Supplementary Figure 2. Characterization of hiPSC-RPE
(A) Transmission electron microscopy image of abundant apical microvilli (middle panel),
adherens, and tight junctions (right panel) in the pigmented cells (left panel).
(B) RT-PCR analysis of typical RPE markers (BEST1, MERTK, RPE65, and CRALBP)
in hiPSCs, hiPSC-RPE, and human fetal RPE (RONZA) as a control. hiPSC-RPE and
human fetal RPE expressed typical RPE markers. The left lane is the 100-bp DNA ladder,
and the right lane is the 20-bp DNA ladder. (C) Mean fluorescence intensity of human
Mer antigens in hiPSC-RPE. The red histograms represent isotype control antibodies.
hiPSC-RPE expressed high levels of Mer.
(D) Immunostaining for typical RPE markers (PAX6, MITF, BEST1, and RPE65; scale
bar, 50 μm) and cellular adhesion markers (ZO-1, Claudin-1, Claudin-3, Occludin, and
Na/K ATPase; scale bar, 20 μm) in the pigmented cells.
(E) Percent viability of hiPSC-RPE at three different temperatures (on ice, room
temperature, and 37°C) tested sequentially. Room temperature (green line) consistently
yielded the best viability of the cells among the three tested temperatures for up to 12
hours.
(F) Confocal images of a RCS rat eye and transplanted cells were positive for anti-human
EMMPRIN. Upper panel shows an EMMPRIN- and DAPI-stained image of hiPSC-RPE
transplantation in a 12-week-old RCS rat, showing preservation of the ONL above the
graft (green). Scale bar, 100 μm. Lower panels show immunostaining for rhodopsin (red)
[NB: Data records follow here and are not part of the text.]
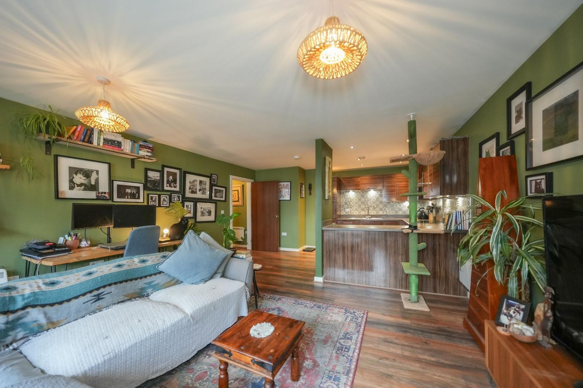 The accommodation begins with an inviting apartment hallway, providing access to all principal rooms. The impressive lounge/diner forms the heart of the home and features patio doors to a Juliet-style balcony, perfect for enjoying fresh air and views over the development. Open-plan access leads seamlessly into the stylish fitted kitchen, equipped with built-in cooking appliances along and integrated appliances, offering both practicality and a sleek, modern aesthetic.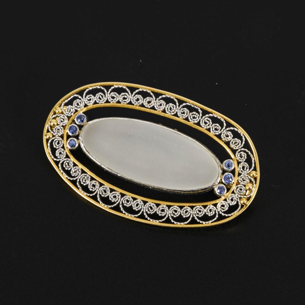 Zargengefasster, mattierter Bergkristallcabochon und 6 kleine Saphire in filigran- und granalienverziertem Rahmen. Kugelhaken.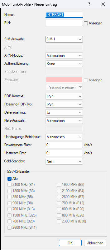 Es wird empfohlen ggf. vorhanden WWAN-Gegenstellenkonfigurationen (inkl. der Default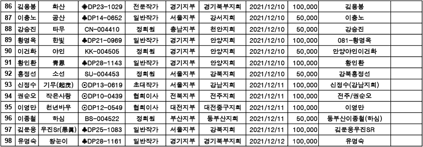 [알림] 2022년 연회비 입금자 명단 ( 2021.12.06. ~12.12 )

and EMMPRIN (green) in a transplanted eye section, showing that the ONL and inner
segments above the graft were well preserved. Scale bar, 20 μm.
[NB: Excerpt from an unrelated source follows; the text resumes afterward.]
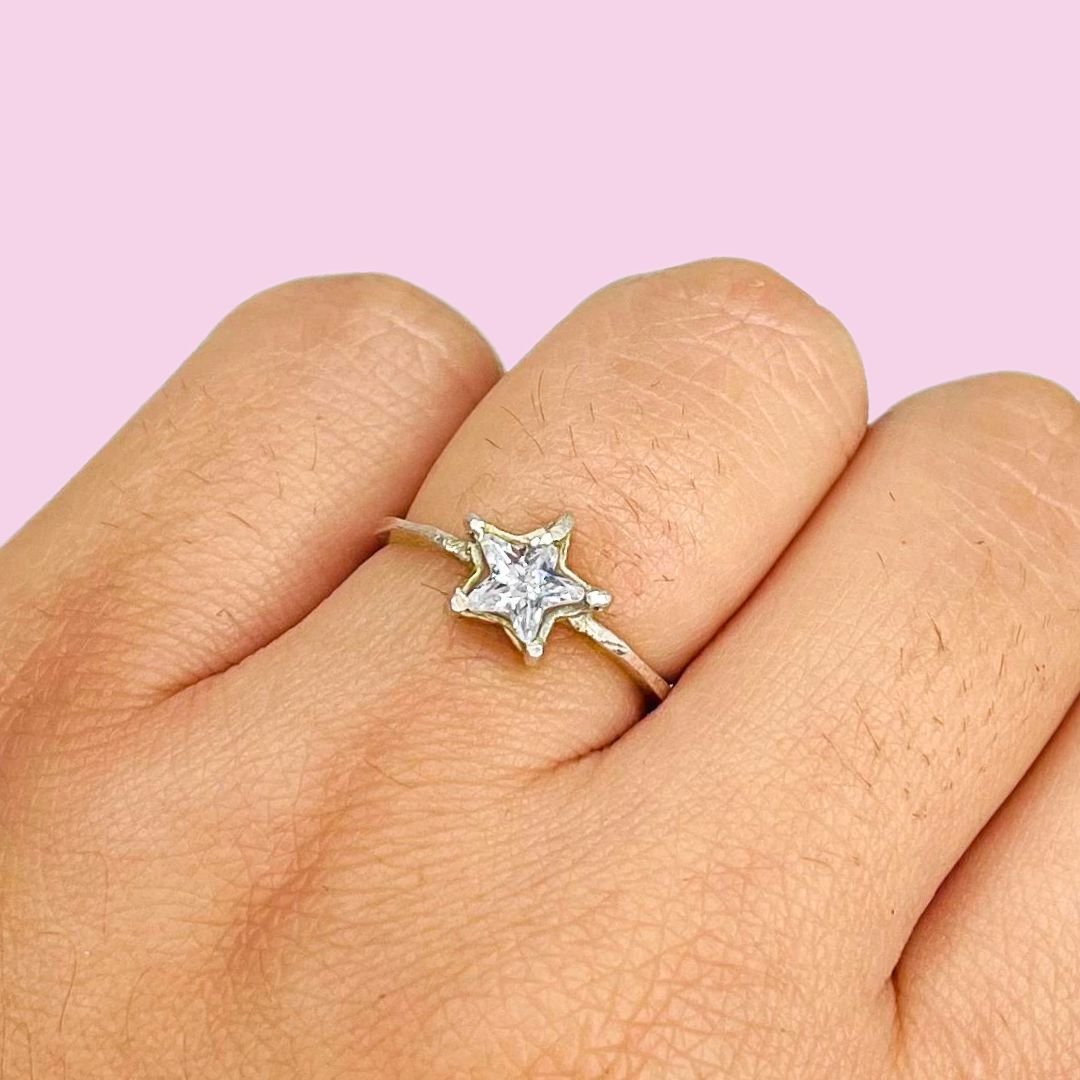 Anillo Estrella con Piedra Blanco de Plata 925

(G) H&E sections of 12-week-old RCS rats (non-transplantation, sham surgery, and
transplantation).
(H) H&E analyses of 12-week-old RCS rats (non-transplantation, sham surgery, and
transplantation; n = 5 for each). ONL thickness and fRT in the transplanted eyes (ONL:
26.0 ± 1.2; fRT: 128.1 ± 1.7 µm) were significantly greater than those in both the shamsurgery (ONL: 7.7 ± 0.5; fRT: 96.9 ± 2.0 µm) and non-transplanted (ONL: 6.5 ± 0.5; fRT:
79.2 ± 1.0 µm) eyes.
Supplementary Figure 3. Characterization of hiPSC-RPE
(left panels) RT-PCR analysis of typical RPE markers (BEST1, MERTK, RPE65, and
CRALBP) in hiPSC-RPE in two different media: pre- and post-confluent medium (2w
and 6w after they reached confluence). (right panels) Immunostaining for proliferation
markers (Ki67; scale bar, 50 μm) in hiPSC-RPE (before they reached confluence in preconfluent medium, immediately after they reached confluence in pre-confluent medium,
6w after they reached confluence in pre-confluent medium, 6w after they reached
confluence in post-confluent medium).
Supplementary Figure 4. Characterization of hiPSC-RPE
(A) (left panel) The amount of melanin in hiPSC-RPE (454E2, n = 1 for each) increased
in a time-dependent manner (0w 56.3 μg/well, 2w 132.6 μg/well, 4w 231.4 μg/well, 6w
after they reached confluence 260.6μg/well). (right panel) The amount of melanin in
hiPSC-RPE (454E2, n = 1 for each) increased as the light transmittance of hiPSC-RPE
decreased (0w 56.3 μg/well 75.0 %, 2w 132.6 μg/well 58.5 %, 4w 231.4 μg/well 44.0 %,
6w after they reached confluence 260.6μg/well 34.3 %). (B) (upper panels)
Immunostaining for the functional RPE marker (Ezrin; scale bar, 10 μm) in hiPSC-RPE
(2w and 6w after they reached confluence). (lower panels) The autofluorescence in
hiPSC-RPE 2w and 6w after they reached confluence didn’t show significant differences.